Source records
- - - - -

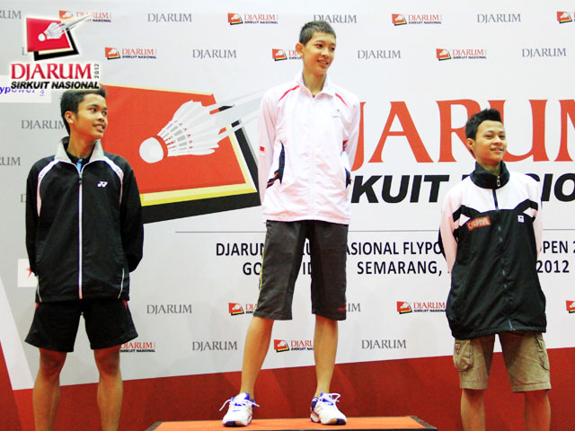 Para pemenang tunggal remaja putra berfoto bersama di podium.
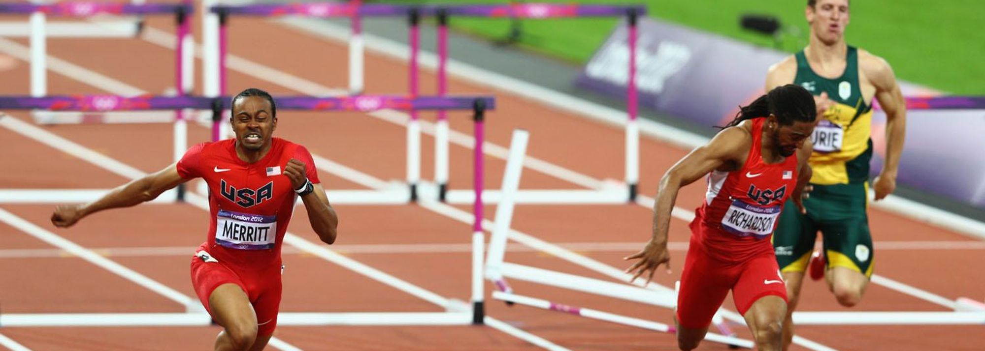 Aries Merritt of the United States crosses the finish line ahead of Jason Richardson of the United States to win gold in the Men's 110m Hurdles Final of the London Olympic Games on August 8, 2012 (© Getty Images)
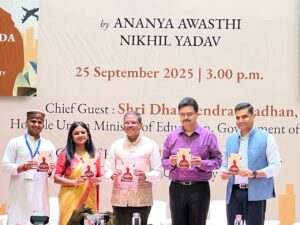 Union Education Minister Shri Dharmendra Pradhan on Thursday launched the book “Living The Vivekananda Way – Practical Spirituality For Modern India”, co-authored by young writers Dr. Ananya Awasthi and Dr. Nikhil Yadav, at a special ceremony held at Shankarlal Hall, Delhi University (North Campus).
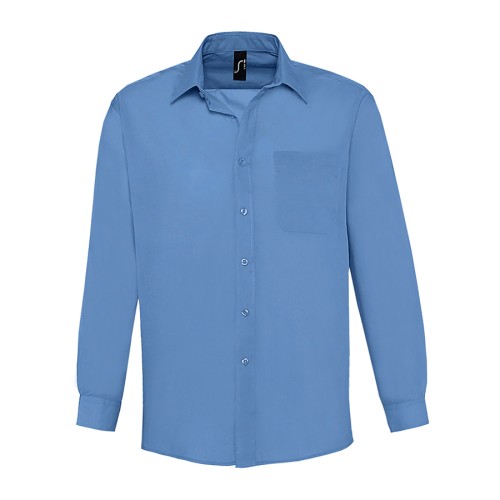 Мужская рубашка из смесового поплина с длинным рукавом. Смесовый поплин обеспечивает максимальный комфорт, лёгок в уход, не мнется. Стандартный крой (прямой). Длинный рукав. Жесткий воротник. Планка с 7 пуговицами в цвет изделия. Нагрудный карман слева. , Цвет близкий к PANTONE 7454C
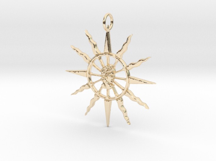 The pendant is made of a twelve spokes chariot wheel inside a twelve spikes sun. Apollo's has the symbol of the chariot of the sun, and the chariot is the early technological means of Indo-European dominance. 12 spokes & spikes because it is a sacred number in indo-european religions, for instance it's the number of Olympian gods. Eight of them are wavy rays to make it clear it is our sun because other stars are commonly symbolized with straight rays. And four of them are straight rays in the common "four directions", in order to symbolize a propencity to expand in every direction and dominate all aspects of life. The central piece is the bust of the iconic Leochares' Pythian Apollo, better known as Apollo Belvedere from 320 B.C.
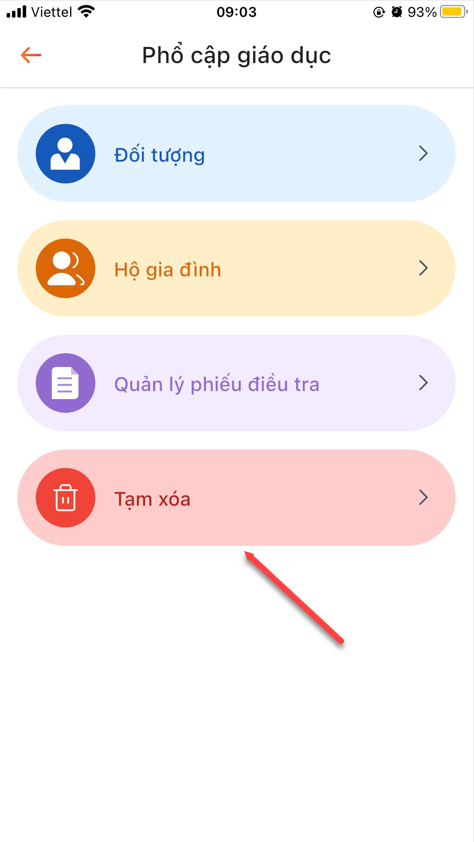 Bước 2: Touch menu Tài khoản> Touch module Phổ cập giáo dục
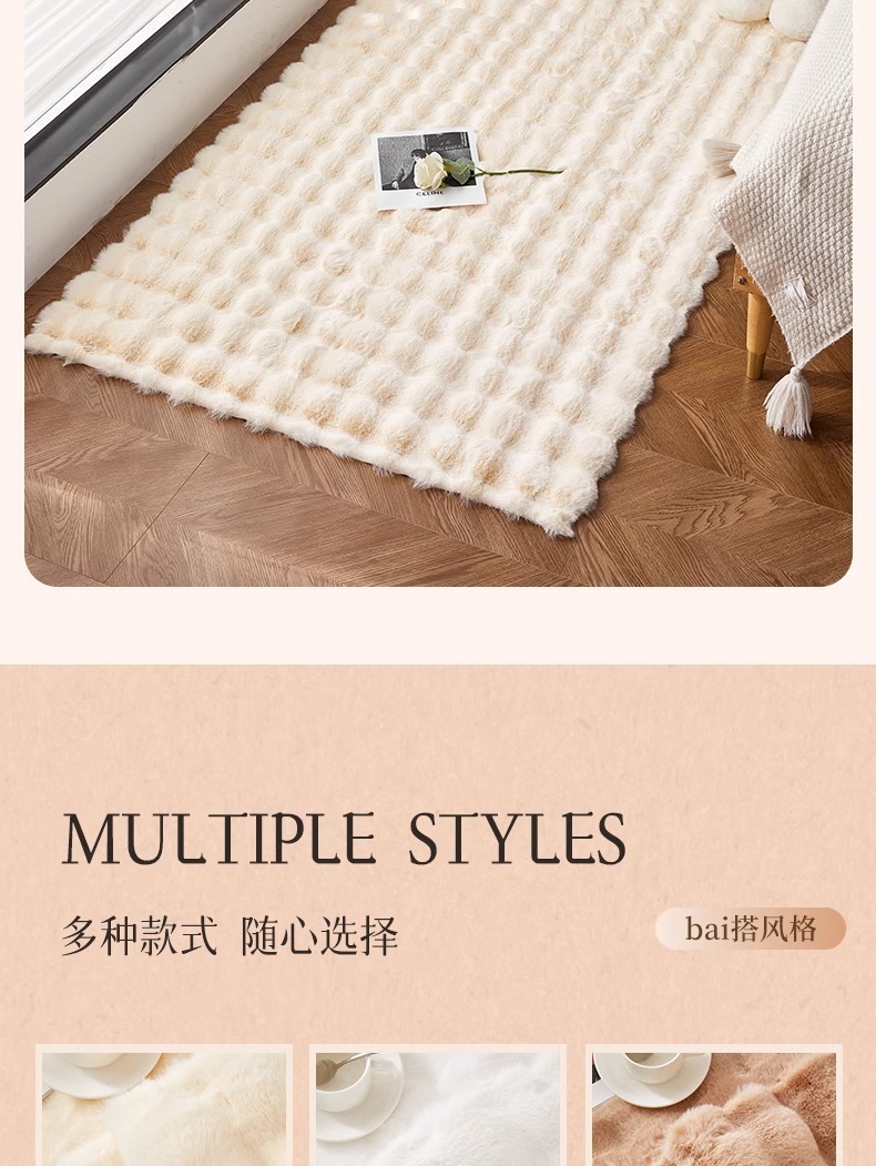 크림 스타일 토끼 봉제 카펫 침실 침실 침대 옆 카펫 망토 거실 베이 창 소파 카펫 바닥 매트 카펫스토어 가기
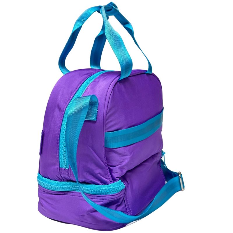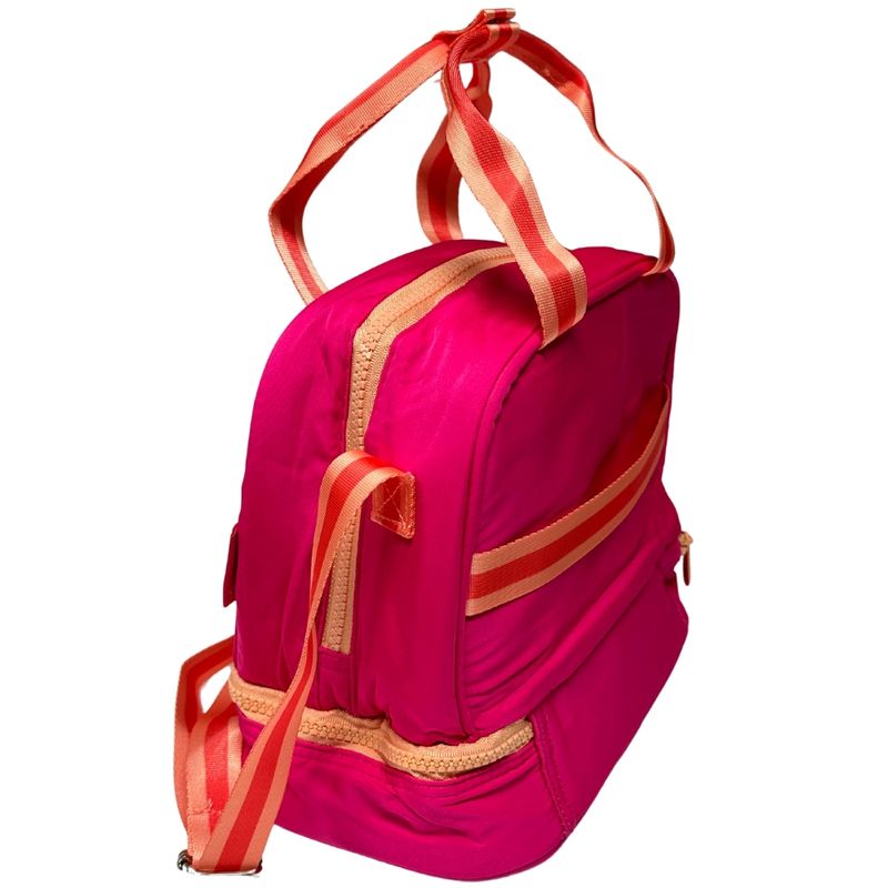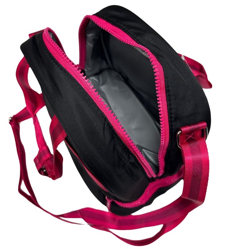 - Possui forro térmico, alça de mão, alças longas reguláveis para usar a tiracolo e amplo espaço para levar seus lanches.
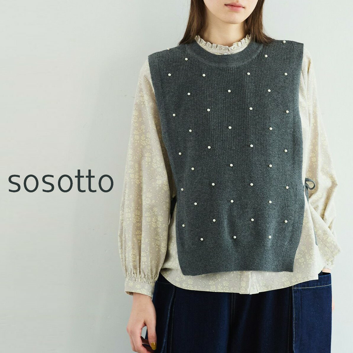 【16%オフ・クーポン対象】sosotto ソソット ベスト ニット クルーネック サイド リボン パール コットン 綿 100%
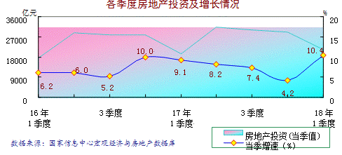 在去库存政策的指引下,2017年房地产投资增长平稳,销售形势较好,房屋销售面积和销售额均再创新高,但增速保持逐月回落。2018年1季度,市场整体延续去年的平稳回落态势,但投资增速出现意外加速,实现两位数增长;房屋销售增速继续回落,但下降趋势有所放缓;房价整体涨幅有所抬头,部分城市房价上涨压力较大;企业资金来源渠道偏紧,个人按揭贷款降幅继续扩大;企业土地购置基本与上年同期持平,企业新开工意愿有所上升。
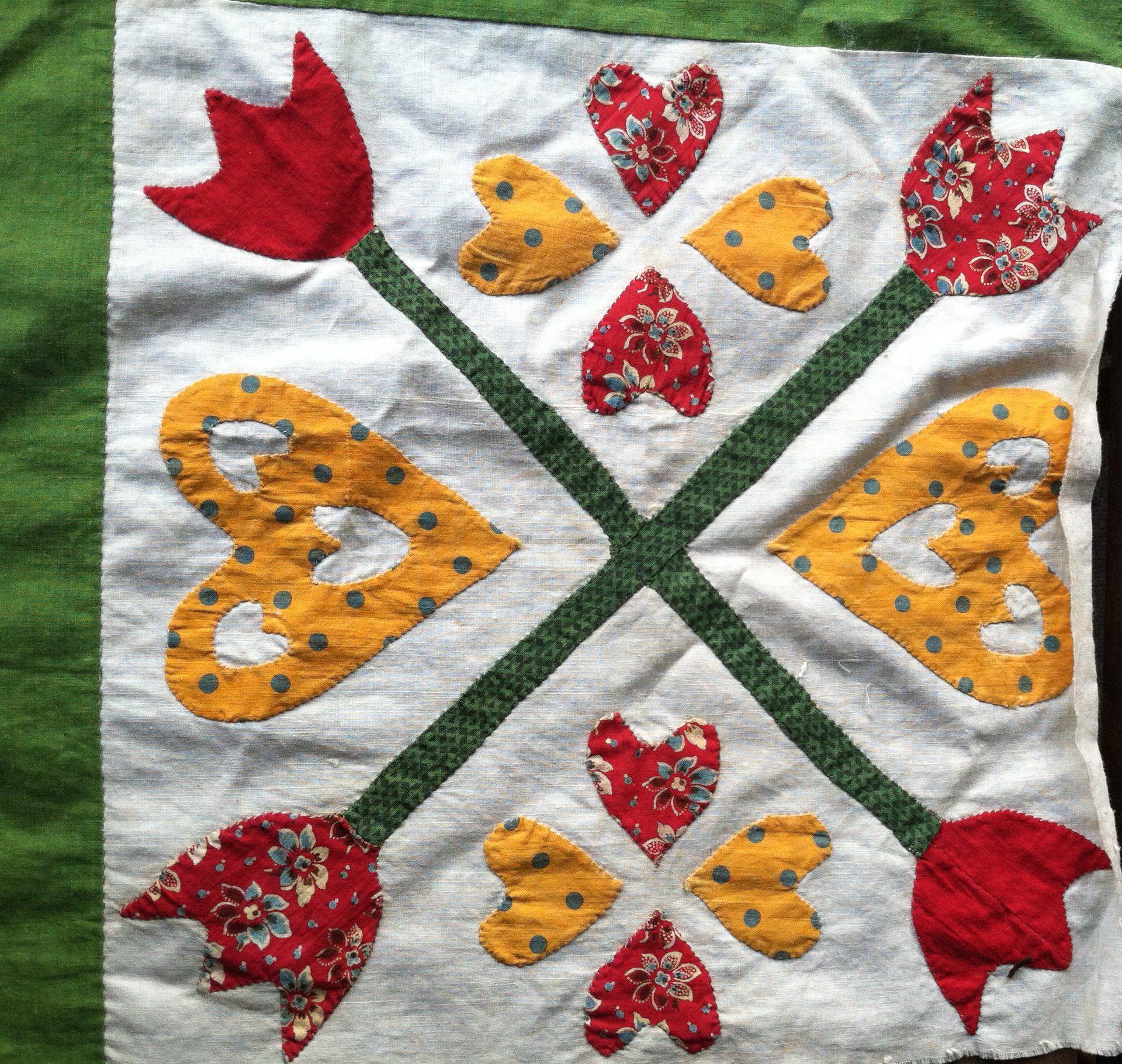 The intersection of the reel pieces, the leaves, and the tulip stems is pretty imperfect. Imperfect, but it works. These days, if you entered a quilt like that in a show, you wouldn’t get top marks for technique. Thankfully, this seamstress wasn’t concerned with things like that.
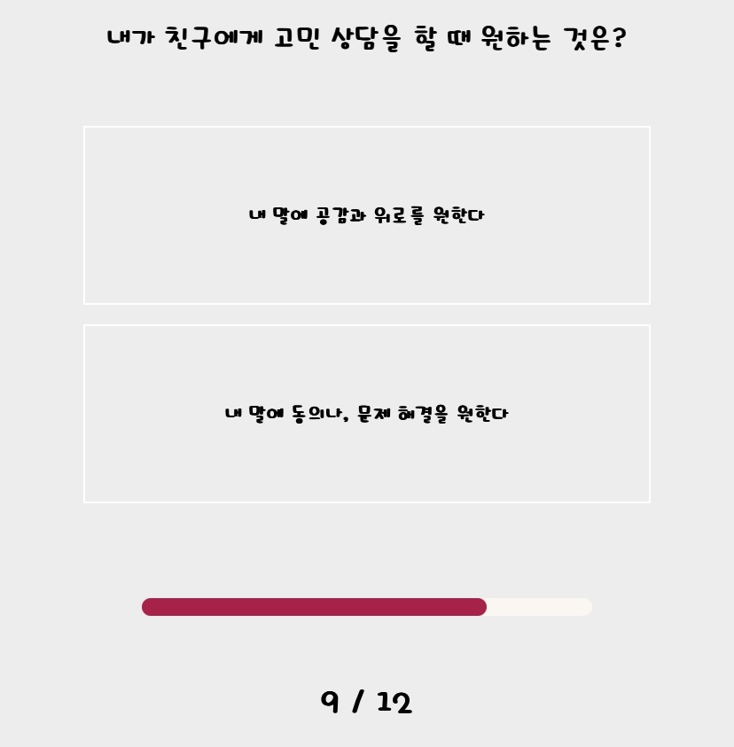 9. 친구 고민 상담은 ㅋㅋㅋㅋ 이게 T인 저의 부족한 점인 것 같은데요... 전 고민을 들으면 공감, 위로는 먼저 생각이 안들고 빨리 그 고민을 해결해주려고 하는 편이에요... 요즘은 사회적으로 억지 공감 대충 해주고 속으로 해결방법을 생각하기도 한답니다. ㅋㅋㅋ

- - - - -

WORK REQUIRED
Make an exact copy of the records above, with the pictures left out.

ANSWER TO THE PROBLEM
 Para pemenang tunggal remaja putra berfoto bersama di podium.
 Aries Merritt of the United States crosses the finish line ahead of Jason Richardson of the United States to win gold in the Men's 110m Hurdles Final of the London Olympic Games on August 8, 2012 (© Getty Images)
 Union Education Minister Shri Dharmendra Pradhan on Thursday launched the book “Living The Vivekananda Way – Practical Spirituality For Modern India”, co-authored by young writers Dr. Ananya Awasthi and Dr. Nikhil Yadav, at a special ceremony held at Shankarlal Hall, Delhi University (North Campus).
 Мужская рубашка из смесового поплина с длинным рукавом. Смесовый поплин обеспечивает максимальный комфорт, лёгок в уход, не мнется. Стандартный крой (прямой). Длинный рукав. Жесткий воротник. Планка с 7 пуговицами в цвет изделия. Нагрудный карман слева. , Цвет близкий к PANTONE 7454C
 The pendant is made of a twelve spokes chariot wheel inside a twelve spikes sun. Apollo's has the symbol of the chariot of the sun, and the chariot is the early technological means of Indo-European dominance. 12 spokes & spikes because it is a sacred number in indo-european religions, for instance it's the number of Olympian gods. Eight of them are wavy rays to make it clear it is our sun because other stars are commonly symbolized with straight rays. And four of them are straight rays in the common "four directions", in order to symbolize a propencity to expand in every direction and dominate all aspects of life. The central piece is the bust of the iconic Leochares' Pythian Apollo, better known as Apollo Belvedere from 320 B.C.
 Bước 2: Touch menu Tài khoản> Touch module Phổ cập giáo dục
 크림 스타일 토끼 봉제 카펫 침실 침실 침대 옆 카펫 망토 거실 베이 창 소파 카펫 바닥 매트 카펫스토어 가기
 - Possui forro térmico, alça de mão, alças longas reguláveis para usar a tiracolo e amplo espaço para levar seus lanches.
 【16%オフ・クーポン対象】sosotto ソソット ベスト ニット クルーネック サイド リボン パール コットン 綿 100%
 在去库存政策的指引下,2017年房地产投资增长平稳,销售形势较好,房屋销售面积和销售额均再创新高,但增速保持逐月回落。2018年1季度,市场整体延续去年的平稳回落态势,但投资增速出现意外加速,实现两位数增长;房屋销售增速继续回落,但下降趋势有所放缓;房价整体涨幅有所抬头,部分城市房价上涨压力较大;企业资金来源渠道偏紧,个人按揭贷款降幅继续扩大;企业土地购置基本与上年同期持平,企业新开工意愿有所上升。
 The intersection of the reel pieces, the leaves, and the tulip stems is pretty imperfect. Imperfect, but it works. These days, if you entered a quilt like that in a show, you wouldn’t get top marks for technique. Thankfully, this seamstress wasn’t concerned with things like that.
 9. 친구 고민 상담은 ㅋㅋㅋㅋ 이게 T인 저의 부족한 점인 것 같은데요... 전 고민을 들으면 공감, 위로는 먼저 생각이 안들고 빨리 그 고민을 해결해주려고 하는 편이에요... 요즘은 사회적으로 억지 공감 대충 해주고 속으로 해결방법을 생각하기도 한답니다. ㅋㅋㅋ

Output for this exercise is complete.